Hoy, con la entrañable celebración del Domingo de Ramos, comenzamos la Semana Santa. La entrada triunfal de Jesús en Jerusalén, con todo el pueblo unido a una sola voz, alabando su realeza con cantos, vítores y palmas, es el presagio de un amor incondicional, pero arrancado de raíz por la mano violenta del ser humano.

Para entrar de lleno en la Semana Santa hemos de abrirle la puerta de nuestro frágil corazón al Señor, poner en su mano con confianza la llave de nuestra vida y dejar que su misericordia nos abrace y nos rehaga desde dentro.

Para vivir los misterios de la Pasión y Muerte de Jesús, os propongo tres caminos: acoger la cruz sin rechazo y con amor, llenar de esperanza el sufrimiento y amar también a nuestros enemigos con humildad, mansedumbre y misericordia.

Acoger la cruz, aceptar la fatiga de su peso y abrazar cada espina del madero es hacerse Eucaristía con el débil, con el hermano que sufre, como padeció el Señor la injusticia de este mundo. La Palabra guarda con sigilo la contraseña, el gesto que da sentido al camino y que lo cambia todo: «Si alguno quiere venir detrás de mí, que se niegue a sí mismo, que tome su cruz y me siga» (Mt 16, 24). Por tanto, poner nuestros pasos en las huellas de Jesús supone aceptar llevar la cruz de cada día, aunque a veces no entendamos sus planes, sus caminos o sus modos. Para ello, hemos de despojarnos de nuestros propios criterios para acoger el plan amoroso de Dios para cada uno de nosotros.

Quien sigue a Cristo, acoge y ofrece su propia cruz.

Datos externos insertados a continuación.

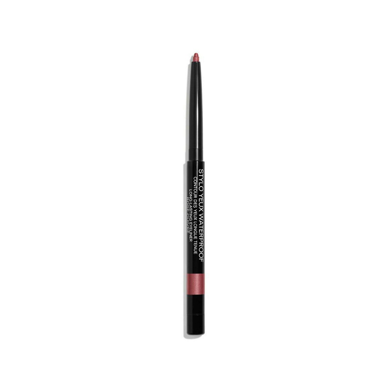 Description: A waterproof eye pencil that traces intense eyes. Its very long-lasting line resists water, humidity and sebum. Its retractable tip and integrated pencil sharpener facilitate application.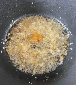 Incorporar el coñac y la miel. Subir el fuego, medio – alto, y dejar otros 3 minutos para que se evapore el alcohol.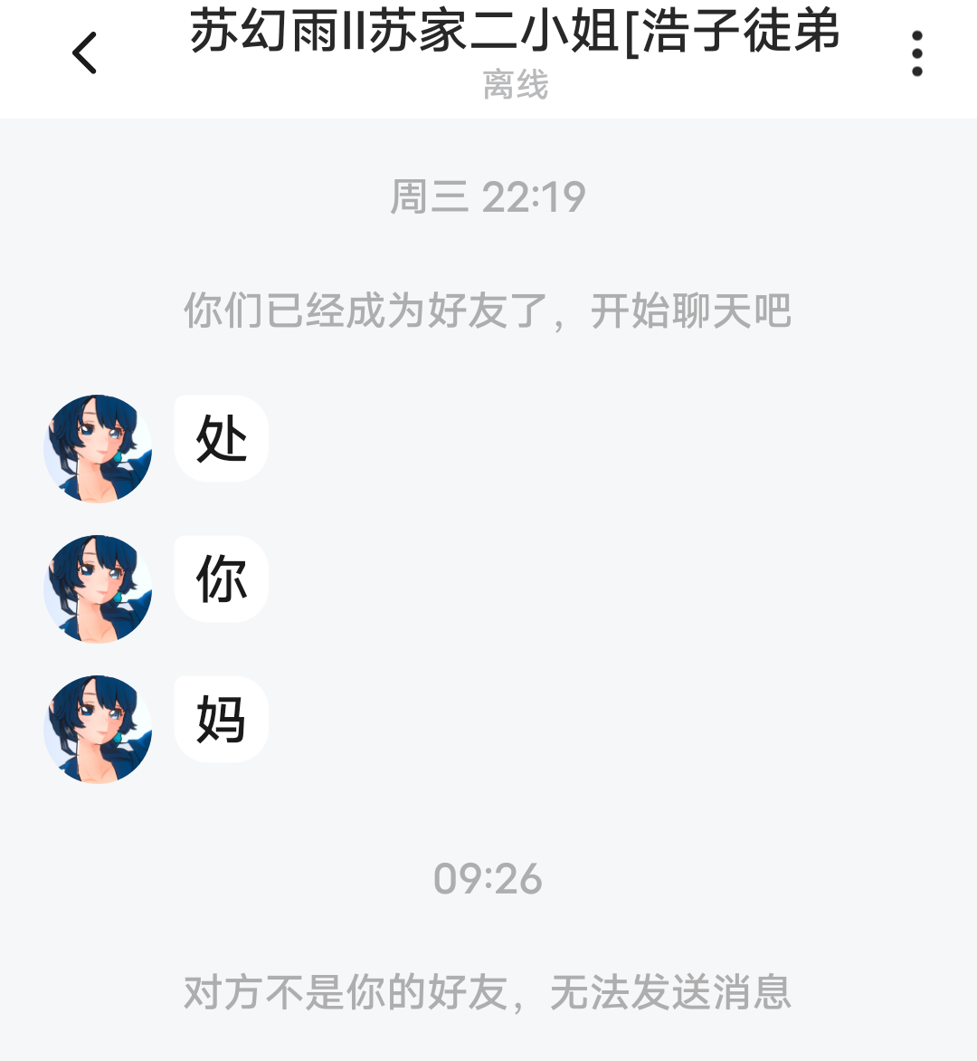 刚开始我不是发了个处女CP的申请吗 她看到了后就直接上来骂我 骂完之后就把我拉黑了 真的很无语=_=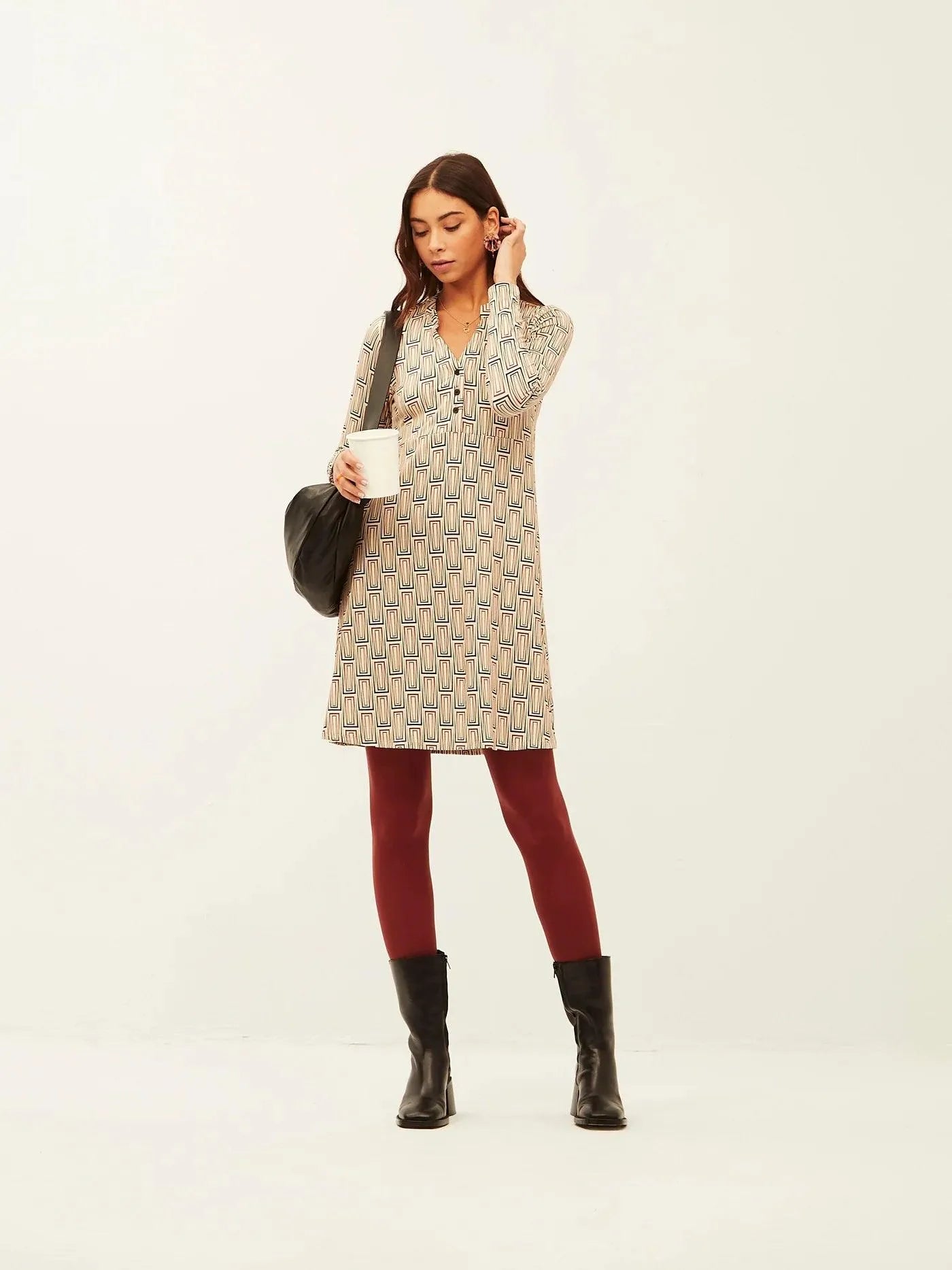 Vestido en estampado Off White Geometric Lines. Modelo de corte evasé y Manga Larga.

Esta no implica desventura o aflicción; sino que es una oportunidad especial para acompañar a Jesús en su Pasión hacia la tan esperada Resurrección. Y solo hay un modo de perderse con alegría en su mirada para ser plenamente feliz: «El que pierda su vida por mí, la encontrará» (Mt 16, 25).

Una llamada a la esperanza en medio del sufrimiento que implica, necesariamente, darle un sentido redentor, que purifique nuestros pecados. ¿Qué sentido tendrían, si no, la flagelación, las calumnias, los golpes, las humillaciones, la traición, el abandono, los clavos, la corona de espinas y la crucifixión del Señor? El vía crucis ultimado en el Madero muestra un Sagrario abierto que aviva nuestra fe y esperanza.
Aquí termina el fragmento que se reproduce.